* **Instructions to follow**
Give the data below again exactly as it stands. Omit the pictures.

* **Given data**
....

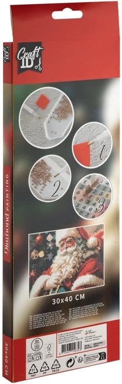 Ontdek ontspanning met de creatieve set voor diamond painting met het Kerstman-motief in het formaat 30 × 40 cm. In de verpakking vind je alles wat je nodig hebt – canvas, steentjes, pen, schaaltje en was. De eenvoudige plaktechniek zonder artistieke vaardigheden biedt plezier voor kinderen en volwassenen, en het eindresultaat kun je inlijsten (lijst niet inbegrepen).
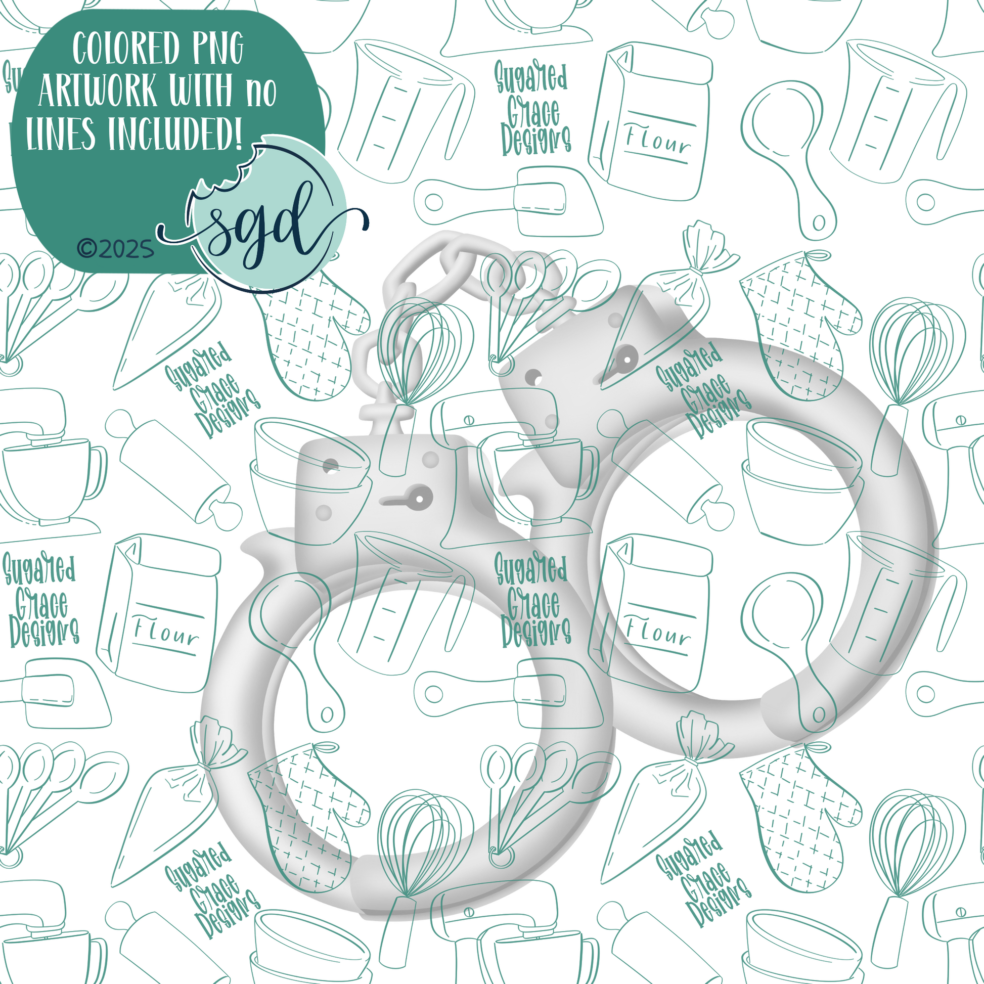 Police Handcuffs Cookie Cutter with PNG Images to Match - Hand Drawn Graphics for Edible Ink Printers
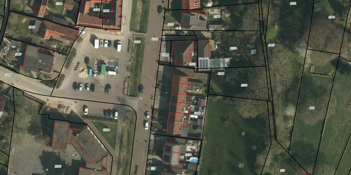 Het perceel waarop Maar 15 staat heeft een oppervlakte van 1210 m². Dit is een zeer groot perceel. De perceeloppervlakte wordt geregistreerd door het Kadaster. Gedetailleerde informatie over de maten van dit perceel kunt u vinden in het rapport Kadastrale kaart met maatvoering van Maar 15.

....

* **Task answer**
 Ontdek ontspanning met de creatieve set voor diamond painting met het Kerstman-motief in het formaat 30 × 40 cm. In de verpakking vind je alles wat je nodig hebt – canvas, steentjes, pen, schaaltje en was. De eenvoudige plaktechniek zonder artistieke vaardigheden biedt plezier voor kinderen en volwassenen, en het eindresultaat kun je inlijsten (lijst niet inbegrepen).
 Police Handcuffs Cookie Cutter with PNG Images to Match - Hand Drawn Graphics for Edible Ink Printers
 Het perceel waarop Maar 15 staat heeft een oppervlakte van 1210 m². Dit is een zeer groot perceel. De perceeloppervlakte wordt geregistreerd door het Kadaster. Gedetailleerde informatie over de maten van dit perceel kunt u vinden in het rapport Kadastrale kaart met maatvoering van Maar 15.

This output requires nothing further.